# Bridges on the Hoback



## peernisse (Jun 1, 2011)

Anyone know if the clearance for a raft of bridges on the Hoback is good to go? I remember a low one somewhere near the Snake confluence. We are planning to do Granite creek to the Hoback to the Snake this weekend. Any info would be great.


----------



## Junk Show Tours (Mar 11, 2008)

Good to go at current level (Eddyflower estimates 4400). A friend did it in a raft earlier this year when they were estimating 6500 and it was getting close but still passable.


----------



## catboatkeith (Jun 11, 2010)

Spotted Horse has the lowest bridge. I fit under but had to lay down for the most part on that one. That was in my 16' cat with highback seats last Wednesday when it was running high. Might be higher by this weekend. Buddy told me I still had 1 1/2 ft clearance on my seats at that time.
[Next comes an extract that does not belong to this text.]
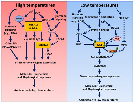 A schematic model showing coordination between various signaling components to induce acclimation responses to temperatures stress. The interplay between the ROS; hormones; and other signaling components such as Ca2+, CDPKs, MAPKs, and TFs determines the plant’s molecular, biochemical, metabolic and physiological responses to high or low temperatures. Left panel: Heat stress affects the membrane fluidity and simultaneously triggers hormone signaling pathways, resulting in increased cytosolic calcium, reactive oxygen species, and the activation of other cytoplasmic proteins. The intercellular calcium activates CDPKs or RBOHs, which result in ROS production. Hormones and ROS, along with other signaling components, interdependently activate multiple signaling pathways to alter the activity of the heat shock factors (e.g., HSFA1), which, in turn, activate other transcription factors like Dehydration-Responsive Element-Binding Protein2a (DREB2A), inducing the appropriate stress-responsive gene expression. Right panel: Low temperatures trigger plasma membrane rigidification, and activate the Ca2+ channels, leading to increased Ca2+ concentrations in the cytosol. The cytosolic calcium activates protein kinases such as CDPKs that, in turn, phosphorylate the transcription factor ICEAlternatively, ICE1 can be phosphorylated by ABA-induced OSTICE1 activates the expression of the CBF genes by directly binding to their promoters at low temperatures, inducing the appropriate COR gene expression. Some of the common features between high- and low-temperature response pathways include changes in the membrane fluidity, alterations in the levels of plant hormones, the production and accumulation of ROS, calcium, NO and MAPK signaling, protein sumoylation and proteasomal degradation, the reprogramming of transcriptomic or metabolomic signatures, and other stress-responsive signaling cascades. Distinct signaling components in high- and low-temperature response pathways include TFs, proteins, stress-responsive genes, the formation and accumulation of secondary metabolites, sugars, amino acids, etc. ABA, abscisic acid; AP2/ERF, Apetala2/Ethylene Responsive Factor; Ca2+, calcium; CBF, C-repeat-binding factor; CDPK, calcium-dependent protein kinase; COR, cold-response genes; CRLK, calcium/calmodulin-regulated receptor-like kinases; DREBs, dehydration response element-binding factors; HOS1, HIGH EXPRESSION OF OSMOTICALLY RESPONSIVE GENE1; HSP, heat shock proteins; HSF, HEAT SHOCK FACTOR; ICE1, inducer of CBF expression 1; MPKs, mitogen-activated protein kinase; MYB, Myb-like transcription factors; NAC, NAM, ATAF, and CUC family TF; OST1, OPEN STOMATA 1; RBOHs, respiratory burst oxidase homologs; ROS, reactive oxygen species; and SnRK2, SNF1-related protein kinase 2.

You be the judge


----------



## fiya79 (Feb 9, 2010)

looking to do about the last 15 miles of the hoback friday. do i need any beta? very comfortable class III/IV boater but with an unknown paddle crew.


----------



## Junk Show Tours (Mar 11, 2008)

Not really. The biggest rapid is about a mile and half below Granite Creek. You can scout it from the road, the river bends left and then right, go center at first and then stay right once the river bends back to the right. After stinking springs, the river slows down through a valley with five bridges and then it picks up a little bit for the last few miles.


----------



## peernisse (Jun 1, 2011)

Thanks to everyone for the bridge info. I did this last weekend at around 5500 cfs. We put in a few miles up Granite creek and rolled all the way to Pritchard ramp on the Snake. The bridges were a go but a couple were pretty close for my paddle boat, we all had to hit the deck a few times. The biggest 2 rapids were in the last couple miles before the confluence with the Snake, in each case where the river turns left and there are these limestone ledges that at low water look like great fishing holes but were big keepers at this level. Both were clean runs on the left. Over all I would say the run was at III or maybe III+. Good times, I have been waiting years to do that at these flows.


----------